WorldChanging on Growing Cooler

Alex Steffen over at Worldchanging.org picked up on Growing Cooler in a fantastic recent essay on climate change called “My Other Car is a Bright Green City.”

Sprawled-out land uses generate enormous amounts of automotive greenhouse gases. A recent major study, Growing Cooler, makes the point clearly: if 60 percent of new developments were even modestly more compact, we’d emit 85 million fewer metric tons of tailpipe CO2 each year by 2030 — as much as would be saved by raising the national mileage standards to 32 mpg.

In other words, there is a direct relationship between the kinds of places we live, the transportation choices we have, and how much we drive. The best car-related innovation we have is not to improve the car, but eliminate the need to drive it everywhere we go.

Actually, both are part of the solution. Because while we’re recreating our built environment over the next 30 years, a lot of people are going to be driving something — and the more efficient, the better. But if you pair that pursuit of fuel efficiency and emissions reduction with investments in the kind of walkable, accessible neighborhoods that result in less-driving, then you’re really starting to make an impact. It’s all about the three-legged stool.

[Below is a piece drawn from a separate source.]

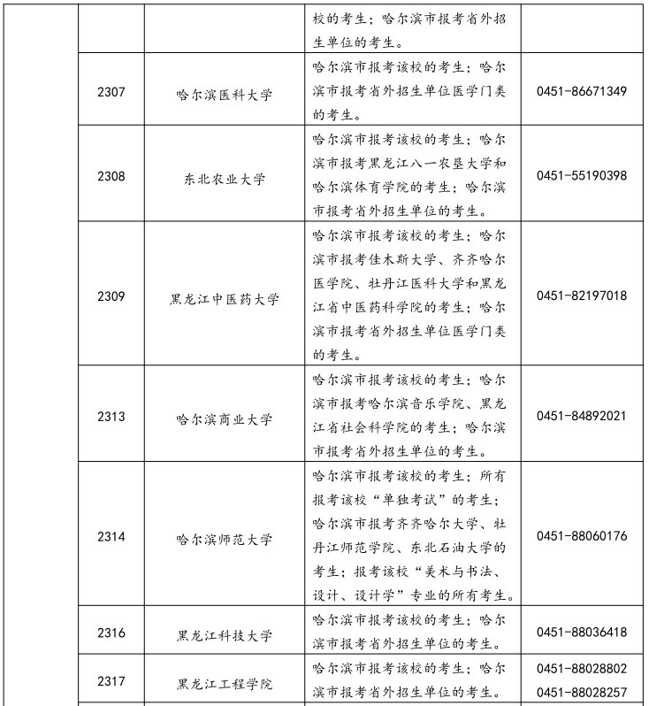3.哈爾濱市報(bào)考省外招生單位的考生須選擇黑龍江科技大學(xué)、黑龍江工程學(xué)院、哈爾濱學(xué)院、黑龍江東方學(xué)院、哈爾濱金融學(xué)院、哈爾濱理工大學(xué)、黑龍江大學(xué)、東北農(nóng)業(yè)大學(xué)、哈爾濱商業(yè)大學(xué)、哈爾濱醫(yī)科大學(xué)、黑龍江中醫(yī)藥大學(xué)這11個報(bào)考點(diǎn)報(bào)名。其中,哈爾濱醫(yī)科大學(xué)、黑龍江中醫(yī)藥大學(xué)僅受理報(bào)考省外招生單位醫(yī)學(xué)門類(考試科目不含“臨床醫(yī)學(xué)綜合能力”)的考生。

So what are the hopes of building more of these places where people tend to drive less? Alex responds:

…We’re getting better and better at designing density that works. We’re finally rediscovering the art of placemaking, learning to build dense communities with plenty of open space, welcoming public places, thriving neighborhood retail and a tangible sense of place…In other words, we know that density reduces driving. We know that we’re capable of building really dense new neighborhoods and even of using good design, infill development and infrastructure investments to transform existing medium-low density neighborhoods into walkable compact communities.

Creating communities dense enough to save those 85 million metric tons of tailpipe emissions is (politics aside) easy. It is within our power to go much farther: to build whole metropolitan regions where the vast majority of residents live in communities that eliminate the need for daily driving, and make it possible for many people to live without private cars altogether.